The Weighted Average process the average of precision, recall and F1 score. Each metric is calculated with the consideration of the sample sizes. An example is they will give a high number when one religion outperforms another due to having more samples.  

# Prediction Example

In [None]:
knn.predict(X_test_scaled)

In [None]:
y_test.values

# Analysis

Per the KNN model, we have an accuracy of 63% of classifying flag colors, shapes, images, and text to predict the country's religion. I chose K = 9 as per the graph, that's when the score starts to stabilize and choosing an odd number to confirm there are no ties between classes. Per the classification report, classifying the religion Christian was secure as the precision method (percentage of the predictions were correct) is at 63%, recall method (percentage of the positive cases classified correctly) is at 96%, and f1-score method (percentage of positive predictions were correct) is at 76% but that has to do with the support method (sample size) of 27 vs the other religion in single digits. 

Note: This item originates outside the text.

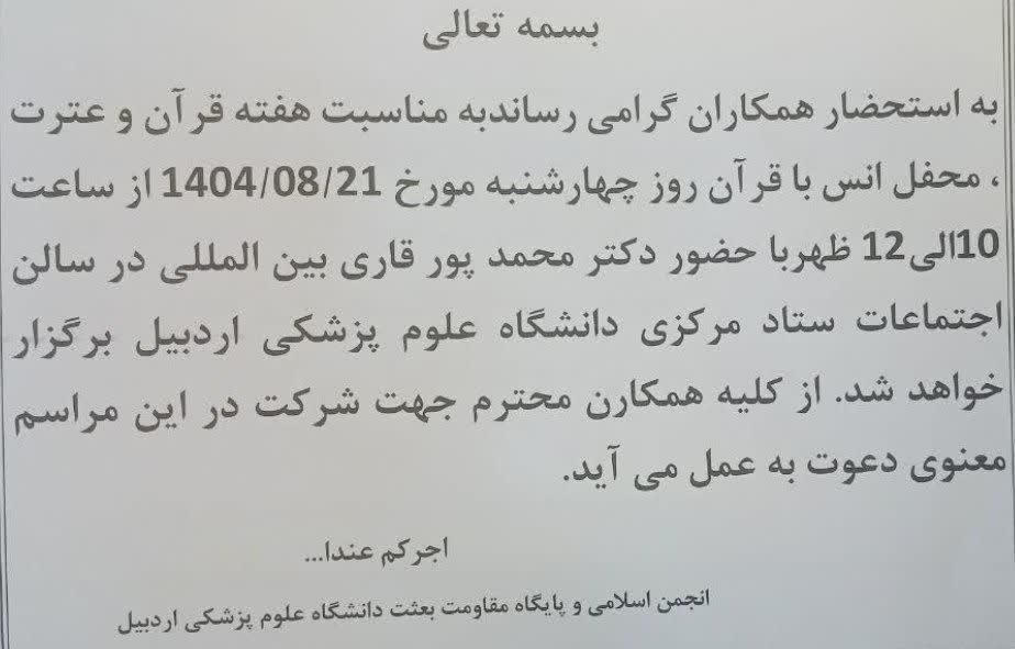 انجمن اسلامی و پایگاه مقاومت بعثت دانشگاه علوم پزشکی اردبیل

In conclusion, per the support method of the religion data points being imbalanced, the macro average confirmed our overall results. Although the KNN method has an accuracy of 63% in classifying the religion, due to our imbalance data set, our overall precision is 27%, our overall recall is 30% and overall f1-score is 28% with a sample size of 49. In order to improve the overall result, we will need a larger data set or narrowing the religion to 3-4. The percentage is fairly low overall; however, I can conclude that the KNN model can classify countries with Christianity as their religion efficiently based on the attributes of the country’s flag.